# Transform Feedback implementation on Metal back-end

### Overview
- OpenGL ES 3.0 introduces Transform Feedback as a way to capture vertex outputs to buffers before
  the introduction of Compute Shader in later versions.
- Metal doesn't support Transform Feedback natively but it is possible to be emulated using Compute
  Shader or Vertex Shader to write vertex outputs to buffers directly.
- If Vertex Shader writes to buffers directly as well as to stage output (i.e. `[[position]]`,
  varying variables, ...) then the Metal runtime won't allow the `MTLRenderPipelineState` to be
  created. It is only allowed to either write to buffers or to stage output not both on Metal. This
  brings challenges to implement Transform Feedback when `GL_RASTERIZER_DISCARD` is not enabled,
  because in that case, by right OpenGL will do both the Transform Feedback and rasterization
  (feeding stage output to Fragment Shader) at the same time.
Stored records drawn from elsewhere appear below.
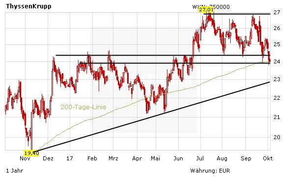 Trotz der anstehenden Stahlfusion mit Tata fehlen bei ThyssenKrupp nach wie vor die Impulse für den Ausbruch. Am Mittwoch fiel die Aktie des Technologiekonzerns zwischenzeitlich sogar unter die wichtige Unterstützung bei 24 Euro, konnte dann aber über dieser Marke schließen. Der Umbau des Unternehmens geht derweil weiter.
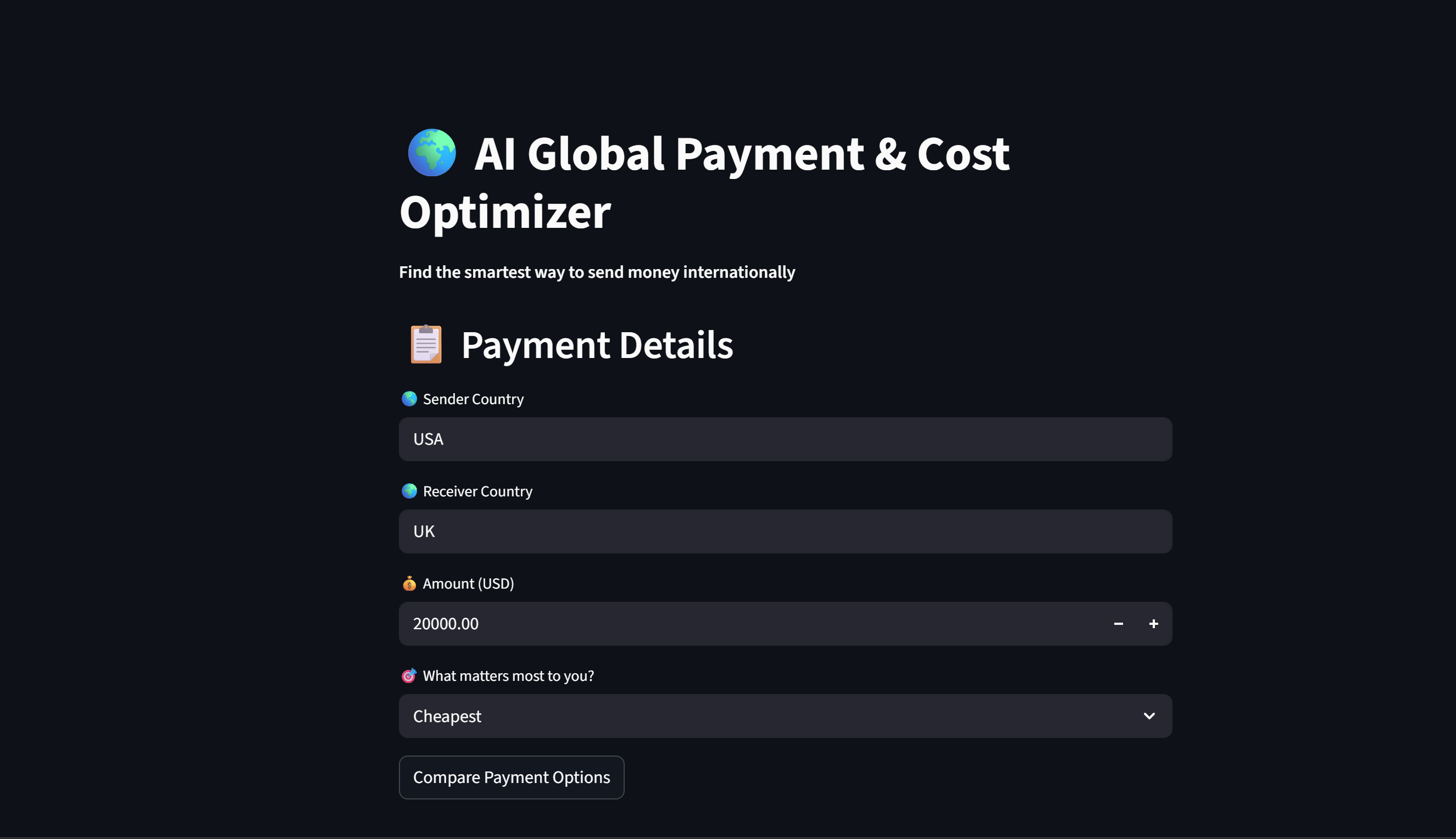 AI Global Payment & Cost Optimizer helps users find the smartest way to send money internationally.
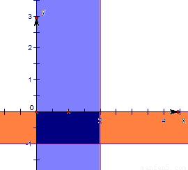 解:∵集合A={(x,y)|0≤x≤2}表示图中竖直的条形区域,B={(x,y)|-1≤y≤0}表示图中横放着的条形区域,
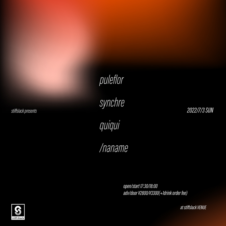 巷で密かな話題をよんでいる群馬産オルタナティブシューゲイズ"puleflor"が遂にstiffslack VENUE初登場!!そして彼等とも親交の深い東京のソリッドエレクトロポストロックトリオ"synchre"が再び登場。地元からは久々に登場、新作にて音楽的振れ幅を大きく進化させた様を見せつけた"quiqui"!!!!そして新生ミニマルポストロック"/naname"が早くも再登場です。
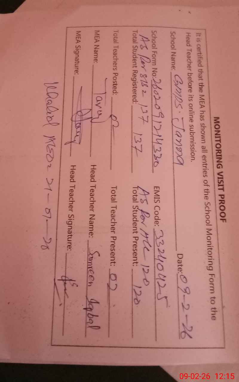 | Certified that this School was Inspected by the Undersigned MEA/DMO Today and the Information Stated Above is as Per Record. | |||||
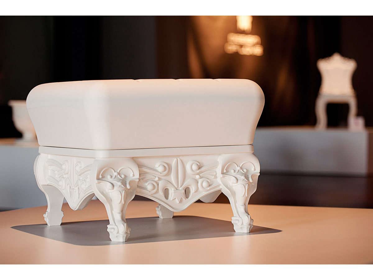 Der kleine Prinz der Liebe ist der perfekte Hocker, der den Sitz der Königin der Liebe ergänzt, der Teil der ursprünglichen Produktlinie der Design of Love Collection ist und sich durch Details und Oberflächen im Rokoko-Stil auszeichnet. Dank des modularen Aufbaus von Sitz und Beinen besteht die Möglichkeit, die Farbkombination zu wählen, wodurch mehr Raum für Kreativität für einzigartige Möbel bleibt.
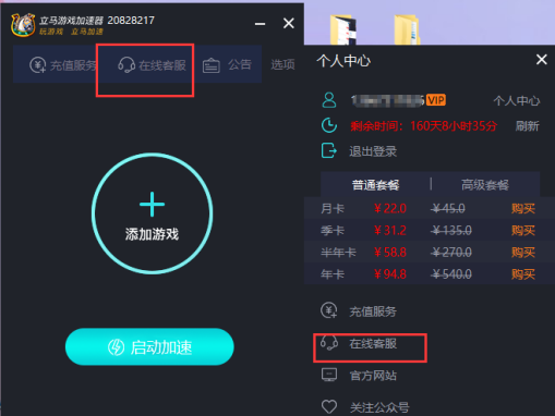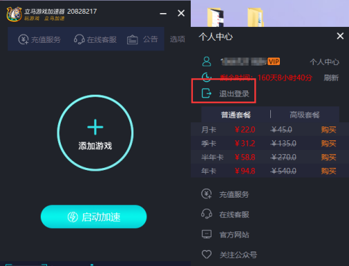 點(diǎn)擊選項(xiàng)按鈕,可以查看個(gè)人中心,剩余時(shí)間和套餐價(jià)格
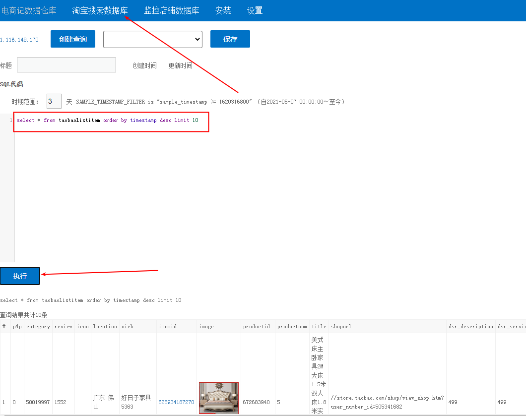 淘宝搜索数据库的表格名称是“taobaolistitem”,用户可执行标准的SQL查询语句。
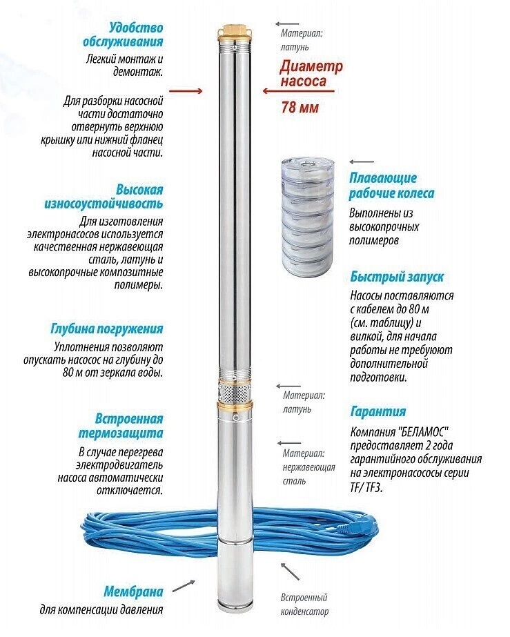 ?? Скважинный погружной насос Belamos TF3-60 разработан для высокоэффективной подачи чистой воды с большой глубины в жилищные объекты и для орошения сада. Устанавливается прямо в пробуренные скважины и применяется в автоматических системах водоснабжения дач, частных домов, коттеджей и других построек, не имеющих возможности подключения к центральной системе водоснабжения.?? Преимущества:
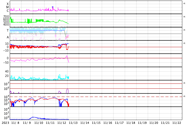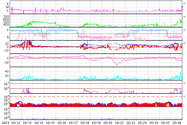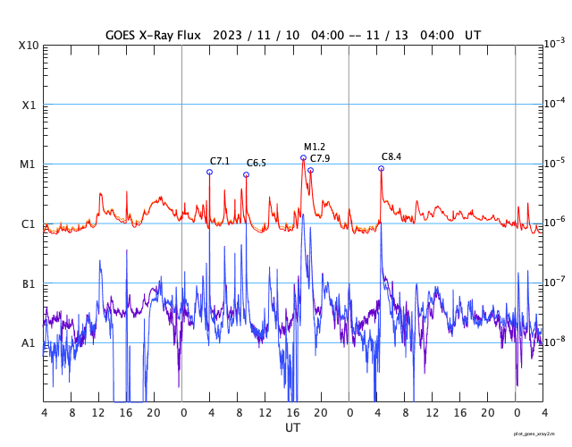 GOES衛星の太陽X線強度。赤・橙 = 0.1〜0.8 nm、青・紫 = 0.05〜0.4 nm (c) データ:NOAA/SWPC、作図:宇宙天気ニュース ![]() | ||||||||||||||||||||||||||||||||||||||||||||||||||||||||||||||||||||||||||||||||||||||||||||||||||||||||||||||||||||||||||||||||||||||||||||||||||||||||||||||||||||||||||||||||||||||||||||||||||||||||||||||||||||||||||||||||||||||||||||||||||||||||||||||||||||||||||
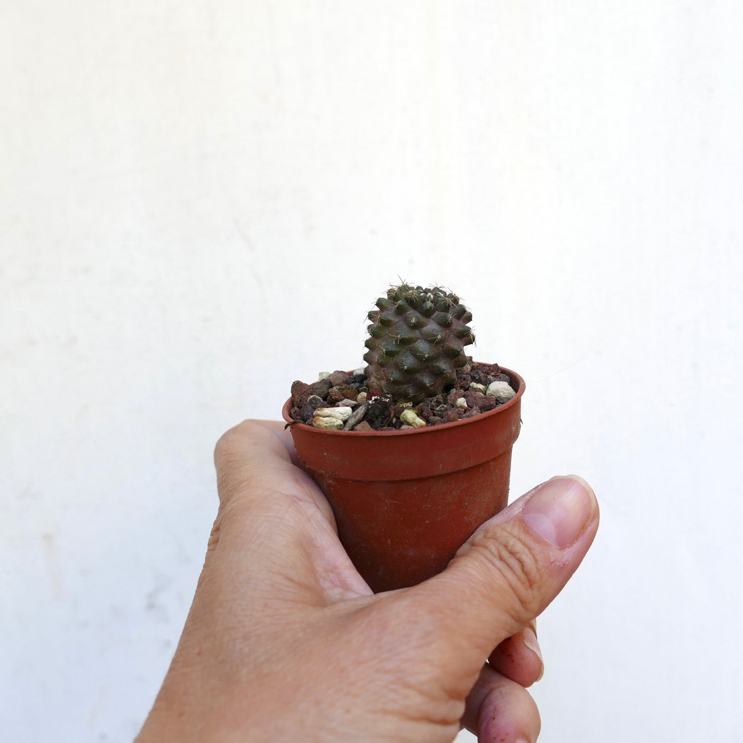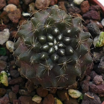 Copiapoa humilis is a small, globular cactus endemic to the coastal areas of northern Chile, particularly thriving in desert conditions. This species typically forms clusters, with individual stems reaching up to 10 cm in diameter. Its body is dark green, sometimes appearing nearly black, and it is densely covered in white wool and yellow to brown spines that are about 1-2 cm long. Copiapoa humilis blooms with bright yellow flowers from the crown of the plant during the spring and summer, providing a striking contrast to its darker, woolly appearance
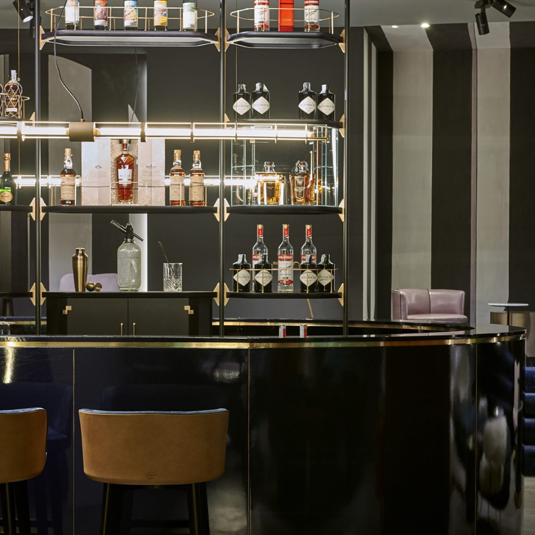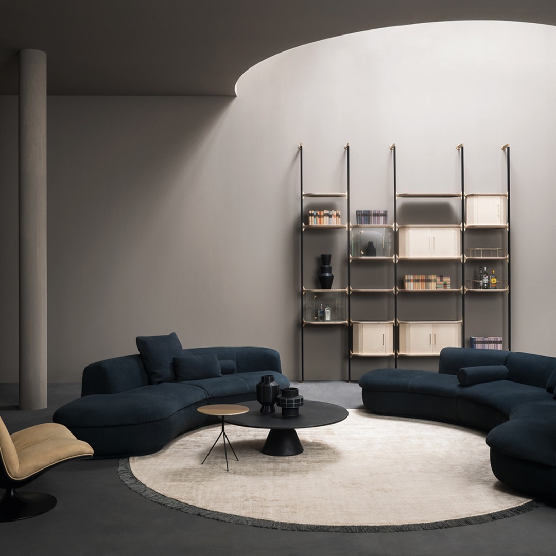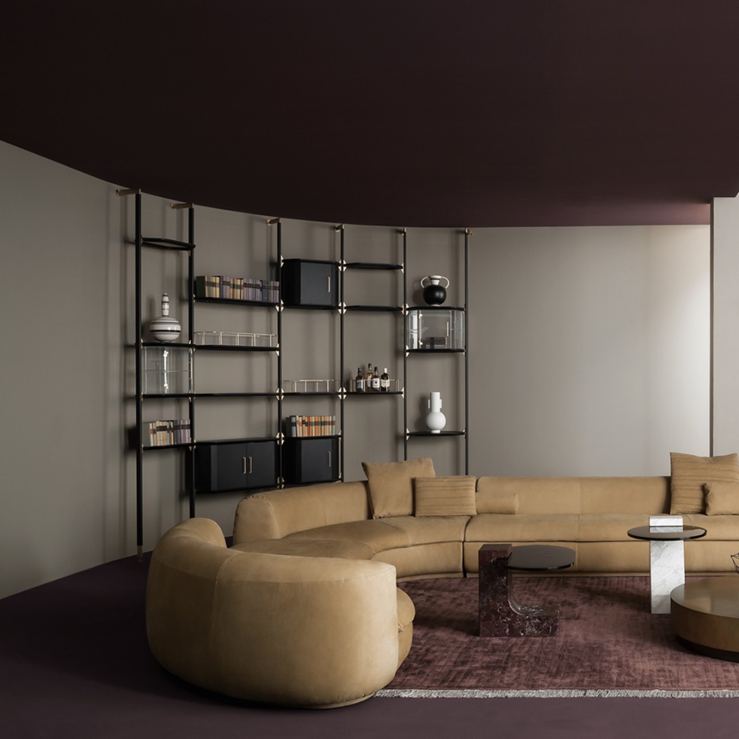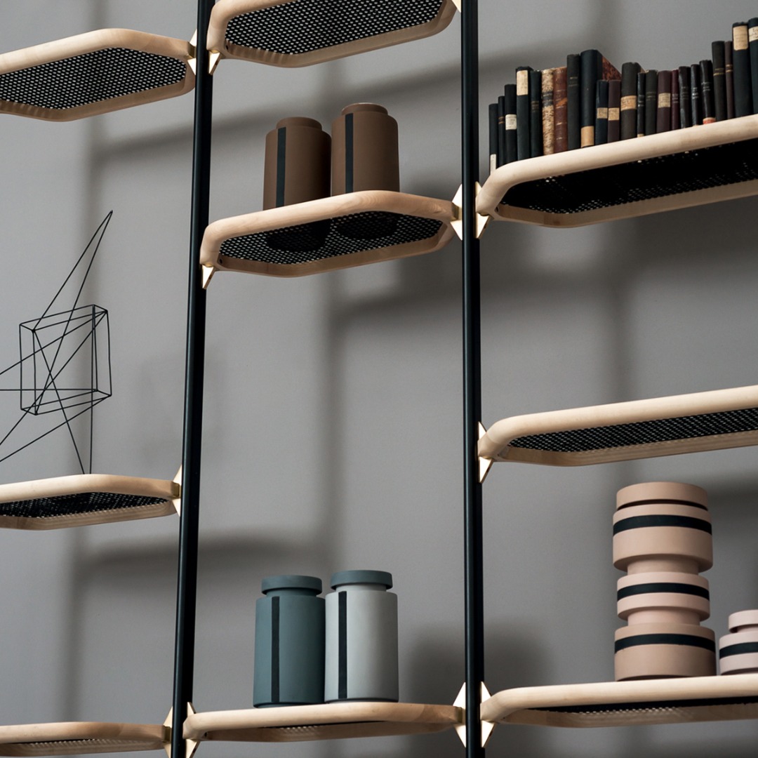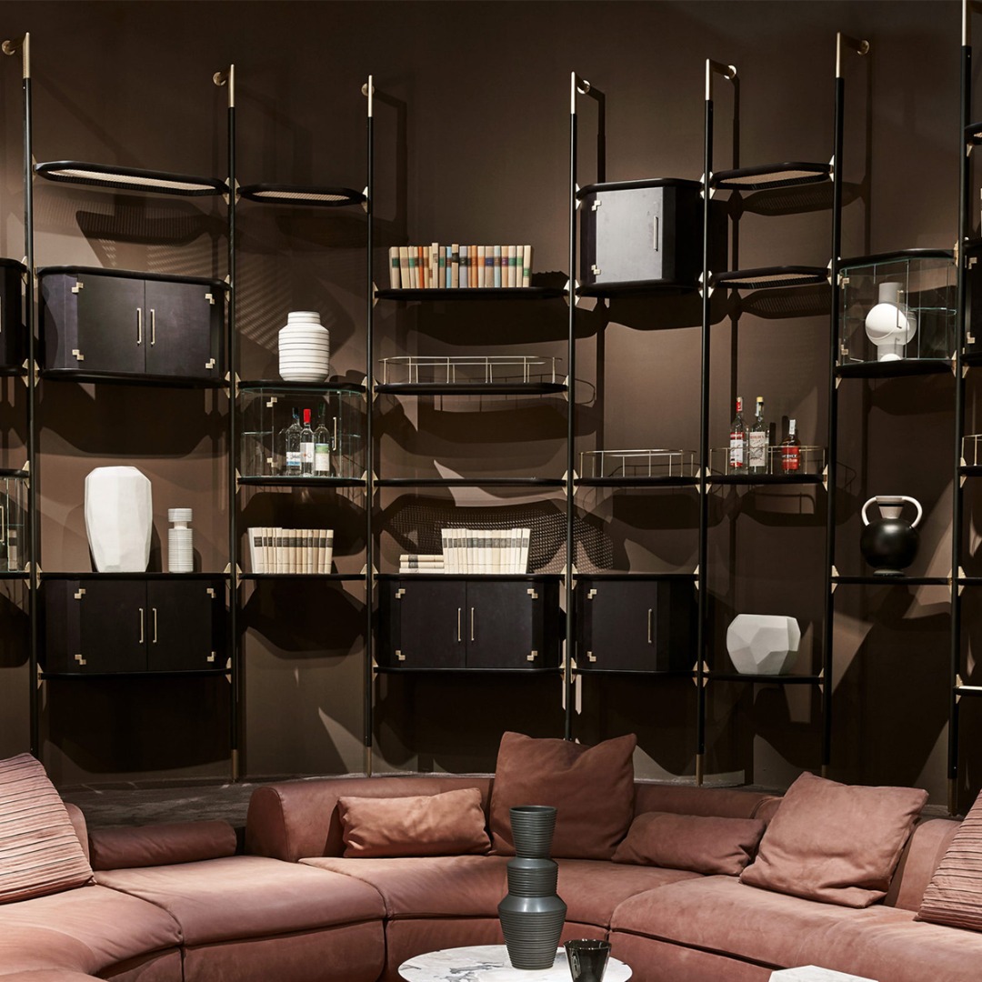 Matte black-varnished supporting aluminium tubular frame, fastened to ceiling or to wall through satin brass pins. Shelves’ supports in satin brass. Shelves with frame in black-stained maple with inside in cane or leather-covered, frame in honey maple with inside in black cane or leather-covered. Storage structure in tempered extra-light glass, 6 mm thickness, or in plywood (honey maple or black-stained maple veneered). Top and base in solid honey maple or black-stained maple with leather upholstery. Supports and handle in satin brass.
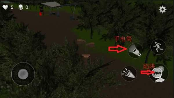 界面右下角整合了手电筒功能,能用于远距离照明;此外,该区域还设有陷阱布设机制,点击后会触发布控动画,从而完成战术部署。
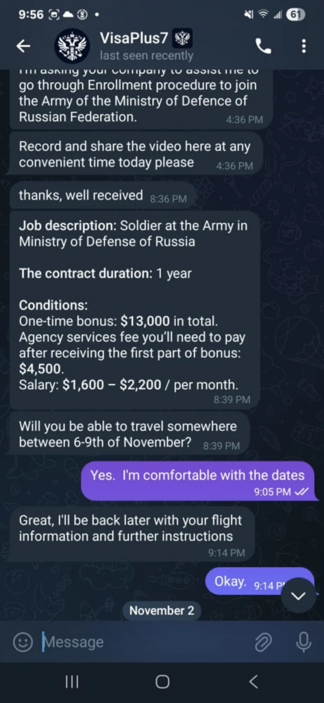 ကတိကဝတ်အနေနှင့် လက်မှတ်ထိုးကြေး ဒေါ်လာ ၁၃,၀၀၀ နှင့် လစာ ဒေါ်လာ ၃,၅၀၀ အထိ ပေးမည်ဟု ကတိပြုခဲ့သော်လည်း လက်တွေ့တွင် လစာမရခြင်း၊ ဘဏ်အကောင့်ထဲမှ ငွေများ ခိုးယူခံရခြင်းနှင့် စာချုပ်ပါအချက်အလက်များကို မိမိနားလည်သည့်ဘာသာသို့ပြန်မပေးဘဲ ရုရှားလိုရေးသားထားသည့်စာချုပ်များကို အတင်းအဓမ္မ လက်မှတ်ထိုးခိုင်းခြင်းများ ရှိနေသည်။
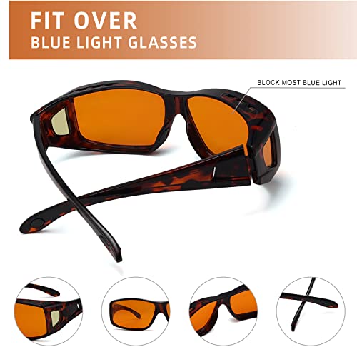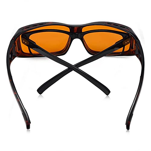 Eyekepper copri occhiali da computer filtri 100% luce blu di monitor, Sovraocchiali per PC con lenti ambra da uomo donna, Colore tartaruga
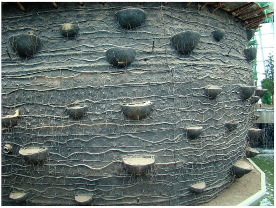 Vertical greening systems, the result of plants being attached to buildings using different kinds of supporting mechanisms, is one way to improve the environmental conditions of urban areas []. The systems can be classified into green facades and living walls [,] based on their architecture []. Green facades are built using climbers supported by various mechanisms (e.g., steel cables or trellises; []). Living walls, also known as green walls and vertical gardens, are modular prevegetated structures where each module contains a growing medium (e.g., soil; []) and piping systems for irrigation []. These systems can be continuous or modular based on their supporting structure. Continuous systems have lightweight screens where plants are potted individually, whereas modular systems have a growing substrate in a fixed vertical structure [].
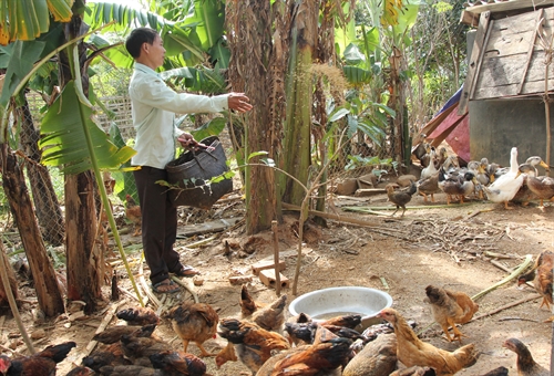 ![]() Anh Lò Văn Sương, bản Chít 1, xã Phúc Than chăm sóc đàn gia cầm |
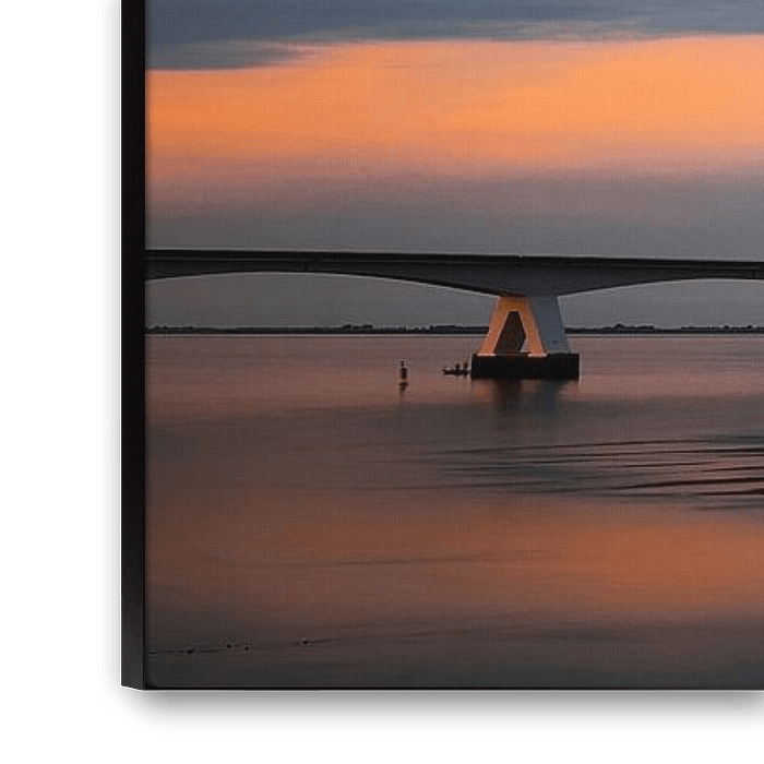 Zeelandbrug bij laag water, hierdoor is de zandbank voor de brug zichtbaar. De zon staat heel laag links buiten beeld en verlicht de brug met rood/orange licht.
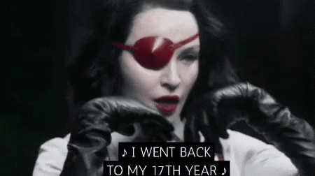 Madonna, wearing a red eye patch and gloves, performs as lyrics "I went back to my 17th year" appear on screen.

### Current implementation
- Transform Feedback will be implemented by inserting additional code snippet to write vertex's
  varying variables to buffers called XFB buffers at compilation time. The buffers' offsets are
  calculated based on `[[vertex_id]]`/`gl_VertexIndex` & `[[instance_id]]`/`gl_InstanceID`.
- When Transform Feedback ends, a memory barrier must be inserted because the XFB buffers could be
  used as vertex inputs in future draw calls. Due to Metal not supporting explicit memory barrier
  (currently only macOS 10.14 and above supports it, ARM based macOS doesn't though), the only
  reliable way to insert memory barrier currently is ending the render pass.
- In order to support Transform Feedback capturing and rasterization at the same time, the draw call
  must be split into 2 passes:
    - First pass: Vertex Shader will write captured varyings to XFB buffers.
      `MTLRenderPipelineState`'s rasterization will be disabled. This can be done in `spirv-cross`
      translation step. `spirv-cross` can convert the Vertex Shader to a `void` function,
      effectively won't produce any stage output values for Fragment Shader.
    - Second pass: Vertex Shader will write to stage output normally, but the XFB buffers writing
      snippet are disabled. Note that the Vertex Shader in this pass is essential the same as the
      first pass's, only difference is the output route (stage output vs XFB buffers). This
      effectively executes the same Vertex Shader's internal logic twice.
- If `GL_RASTERIZER_DISCARD` is enabled when Transform Feedback is enabled:
    - Only first pass above will be executed, the render pass will use 1x1 empty texture attachment
      because rasterization is not needed and small texture attachment's load & store at render
      pass's start & end boundary could be cheap. Recall that we have to end the render pass to
      enforce XFB buffers' memory barrier as mentioned above.
- If `GL_RASTERIZER_DISCARD` is enabled and Transform Feedback is NOT enabled, we cannot disable
  `MTLRenderPipelineState`'s rasterization because if doing so, Metal runtime requires the Vertex
  Shader to be a `void` function, i.e. not returning any stage output values. In order to
  work-around this:
    - `MTLRenderPipelineState`'s rasterization will still be enabled this case.
    - However, the Vertex Shader will be translated to write `(-3, -3, -3, 1)` to
      `[[position]]`/`gl_Position` variable at the end. Effectively forcing the vertex to be clipped
      and preventing it from being sent down to Fragment Shader. Note that the `(-3, -3, -3, 1)`
      writing are controlled by a specialized constant, thus it could be turned on and off base on
      `GL_RASTERIZER_DISCARD` state. It is more efficient doing this way than re-translating the
      whole shader code again using `spirv-cross` to turn it to a `void` function.

### Future improvements
- Use explicit memory barrier on macOS devices supporting it instead of ending the render pass.
- Instead of executing the same Vertex Shader's logic twice, one alternative approach is writing the
  vertex outputs to a temporary buffer. Then in second pass, copy the varyings from that buffer to
  XFB buffers. If rasterization is still enabled, then the 3rd pass will be invoked to use the
  temporary buffer as vertex input, the Vertex Shader in 3rd pass might just a simple passthrough
  shader:
    1. Original VS -> All outputs to temp buffer.
    2. Temp buffer -> Copy captured varying to XFB buffers. Could be done in a Compute Shader.
    3. Temp buffer -> VS pass through to FS for rasterization.
- However, this approach might even be slower than executing the Vertex Shader twice. Because a
  memory barrier must be inserted after 1st step. This prevents multiple draw calls with Transform
  Feedback to be parallelized. Furthermore, on iOS devices or devices not supporting explicit
  barrier, the render pass must be ended and restarted after each draw call.
- Most of the time, the application usually uses Transform Feedback with `GL_RASTERIZER_DISCARD`
  enabled, the original approach will just simply executes the Vertex Shader once and use a cheap
  1x1 render pass, thus it should be fast enough.